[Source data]
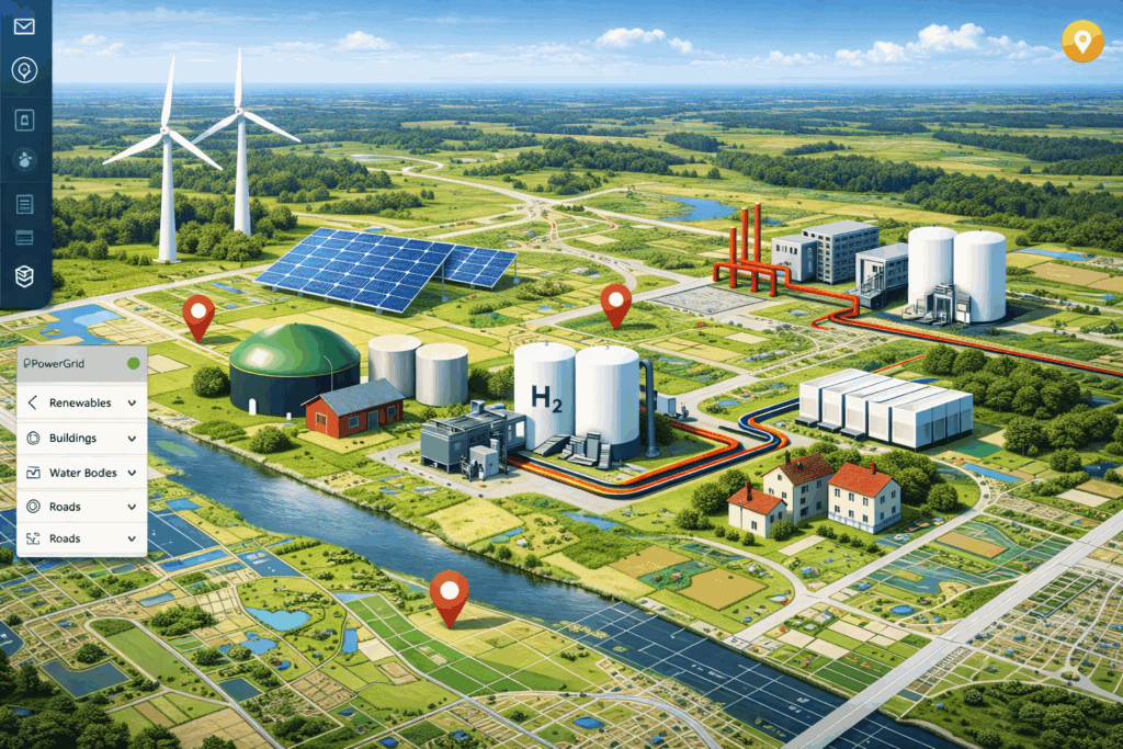 The maps present spatial analyses, data visualizations, and planning tools that support sustainable energy system development and decision-making.
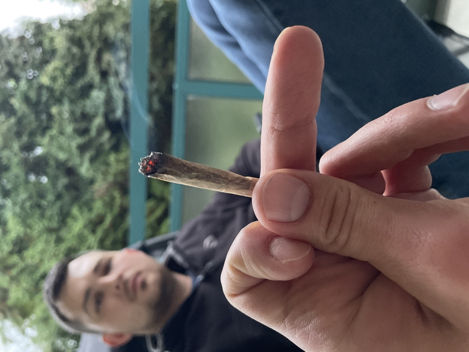 The image portrays an outdoor scene in Dortmund, Germany. In the foreground, a human right hand, with visible knuckles and short fingernails, holds a light-brown, hand-rolled cylindrical object between the thumb and index finger. The object's tip is actively burning, indicated by an orange ember and a small amount of white ash. In the midground, out of focus, a male individual is seated in a dark chair. He wears a dark hooded garment and has short, dark hair. His head is slightly tilted, and his gaze appears directed towards the camera. The lower right portion of the frame shows a partial view of a leg clad in blue denim jeans, presumably belonging to the same individual or another person present. The background, also out of focus, consists of dense green foliage, likely trees or bushes, and a light blue-green colored railing, suggesting the scene takes place on a balcony or elevated outdoor area.
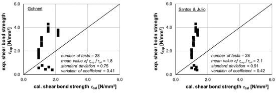Experimental shear bond strength vs. predicted shear bond strength with the calculative approach of Gohnert (left) and predicted shear bond strength with the calculative approach of Santos & Julio (right).
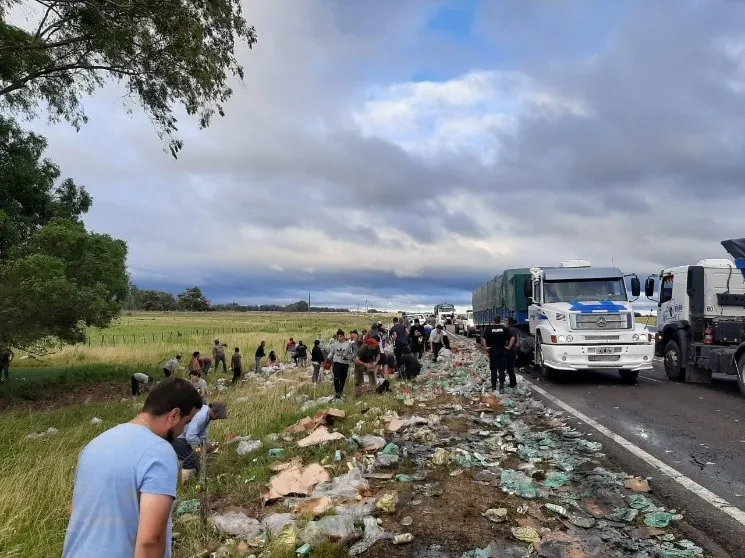 Un grupo de personas se congregó en la Ruta Provincial 65, a unos 10 kilómetros de Bolívar, para llevarse la carga de cervezas que perdió un camionero en una desafortunada maniobra.
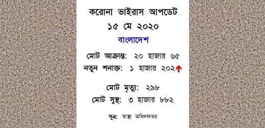 গত ২৪ ঘন্টায় দেশে নতুন করে করোনা ভাইরাসে আক্রান্ত হয়েছেন ১ হাজার ৬০২ জন। বর্তমানে করোনা রোগীর মোট সংখ্যা ২৩…
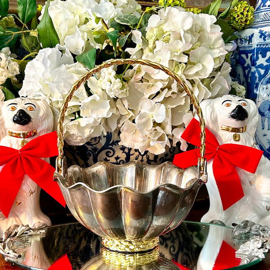 Vintage silver plated & brass basket planter by designer International Silver Co
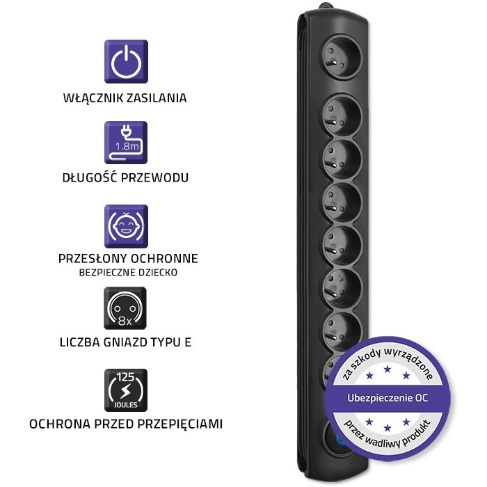 Kaitse on esikohal: sisseehitatud ülepinge kaitse (varistor) hoiab seadmeid pingetippude eest, lastekaitsed igas pistikupesas väldivad juhuslikku kontakti ja leekkindel PP-materjal suurendab ohutust igapäevasel kasutamisel kodus, kontoris ja töökojas.
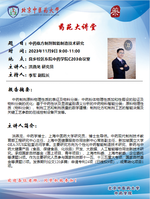 药苑大讲堂|中药临方制剂智能制造技术研究
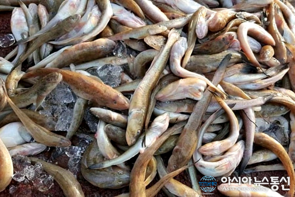 | 입북을 기다리는 동안 단동 압록강변에서 아침 운동을 하다가 갓 잡은 물고기들을 봤다.(사진=강명구) |
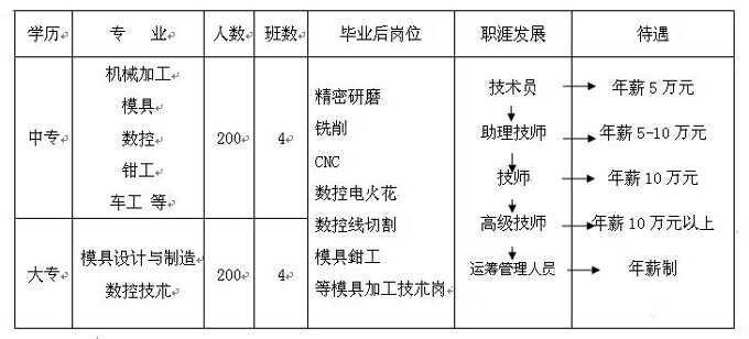 6﹑“定向班”学生在毕业之前,需接受该公司模具培训中心实施的准军事化管理,从“德、智、体”等进行培训3-6个月(含食宿)。

◆ **Exercise brief**
Copy the lines exactly as they appear from the opening of the entries above through the line with "গত ২৪ ঘন্টায়", excluding all pictures.

◆ **Answer to this exercise**
 The maps present spatial analyses, data visualizations, and planning tools that support sustainable energy system development and decision-making.
 The image portrays an outdoor scene in Dortmund, Germany. In the foreground, a human right hand, with visible knuckles and short fingernails, holds a light-brown, hand-rolled cylindrical object between the thumb and index finger. The object's tip is actively burning, indicated by an orange ember and a small amount of white ash. In the midground, out of focus, a male individual is seated in a dark chair. He wears a dark hooded garment and has short, dark hair. His head is slightly tilted, and his gaze appears directed towards the camera. The lower right portion of the frame shows a partial view of a leg clad in blue denim jeans, presumably belonging to the same individual or another person present. The background, also out of focus, consists of dense green foliage, likely trees or bushes, and a light blue-green colored railing, suggesting the scene takes place on a balcony or elevated outdoor area.
Experimental shear bond strength vs. predicted shear bond strength with the calculative approach of Gohnert (left) and predicted shear bond strength with the calculative approach of Santos & Julio (right).
 Un grupo de personas se congregó en la Ruta Provincial 65, a unos 10 kilómetros de Bolívar, para llevarse la carga de cervezas que perdió un camionero en una desafortunada maniobra.
 গত ২৪ ঘন্টায় দেশে নতুন করে করোনা ভাইরাসে আক্রান্ত হয়েছেন ১ হাজার ৬০২ জন। বর্তমানে করোনা রোগীর মোট সংখ্যা ২৩…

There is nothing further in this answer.